Chemical production scale up can create performance gaps in final products due to process condition variations. To streamline production scale-up, it is important to identify the key process factors of critical performance metrics. Multi-level data processing (critical performance metrics measured at different levels/stages), multicollinearity (high correlations among process factors) and “curse of dimensionality” (too many process factors and interactions compared to number of observations) together make it a challenge in statistical modeling.
In a real Dow scale up example, we applied classical regression methods (Stepwise Regression, Partial Least Square and Generalized models) and Symbolic Regression approach (linear and nonlinear model searching algorithm) for two critical performance metrics. Multiple important process factors were identified consistently across all methods for the two metrics. In this presentation, we also demonstrate model validation using an independent test data for comparing different models. Among all the models, Ridge regression has highest model prediction accuracy with the most model complexity including all process factors and interactions.
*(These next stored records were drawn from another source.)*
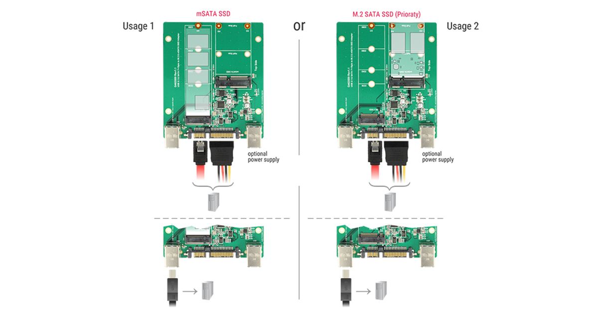 This Delock converter enables the connection of a M.2 SSD in 2280, 2260, 2242 and 2230 format or a mSATA SSD in half size or full size format. If both slots are occupied, only the M.2 SSD can be used. The converter can be installed into the system through a SATA or USB interface.
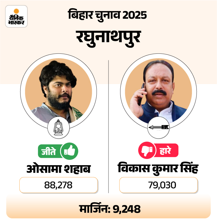 रघुनाथपुर में सीवान के पूर्व सांसद शहाबुद्दीन के बेटे ओसामा शहाब 9,248 जीत गए हैं। दूसरे नंबर पर JDU के विकास कुमार सिंह रहे।
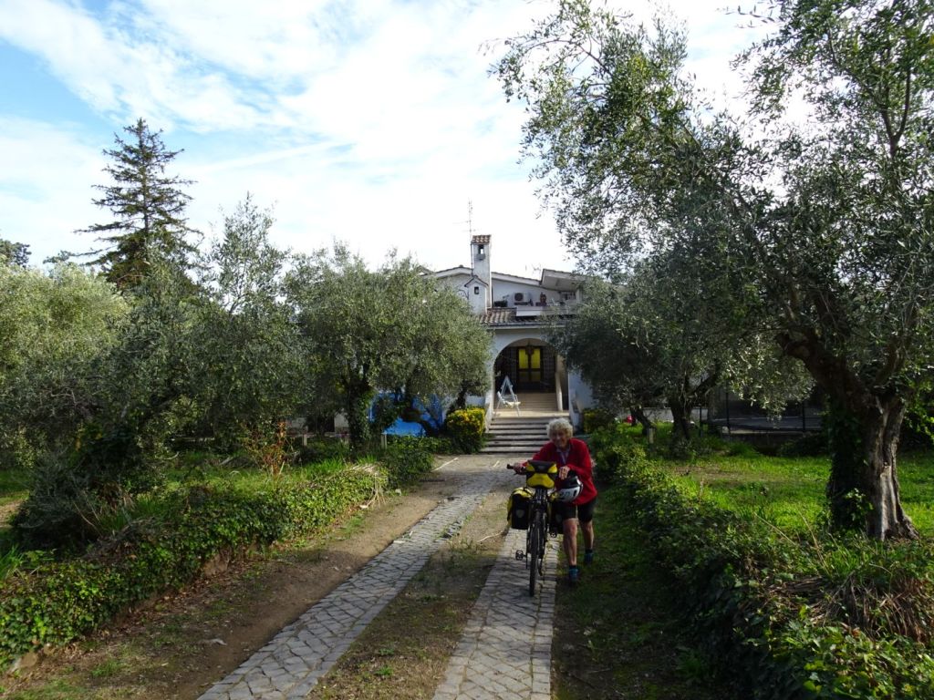 De grote tuin van de B&B staat vol olijfbomen. De vriendelijke eigenaar zegt dat hij vandaag en morgen niet gaat oogsten. Te veel kans op regen en dan gaan de olijven schimmelen.
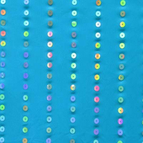 This is a Medium-Weight Holographic Sequins on Mesh on Stretch Mesh Fabric, With a 4 Way Stretch, Turquoise Colored
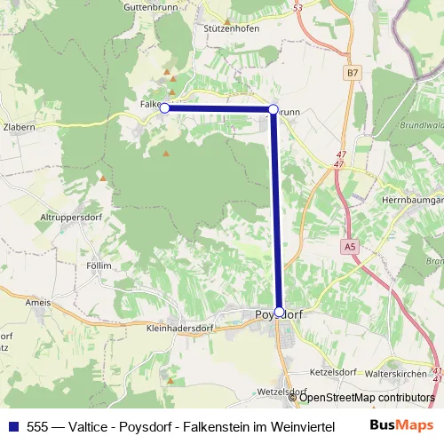 The first stop of the 555 bus route is Falkenstein im Weinviertel, Marktplatz and the last stop is Poysdorf, Dreifaltigkeitsplatz. 555 (Valtice - Poysdorf - Falkenstein im Weinviertel) is operational during on weekends.

Pareto front models in Symbolic Regression approach were selected for comparison with classical models in the test data.
From practical and statistical perspectives, we selected two models with relatively high prediction accuracy and low model complexity for the two performance metrics. With this work, the business can streamline process optimization by using in-process, real-time measurements to estimate critical performance metrics. Successful implementation of these process models will accelerate the progress of launching the new products in the commercial manufacturing plant.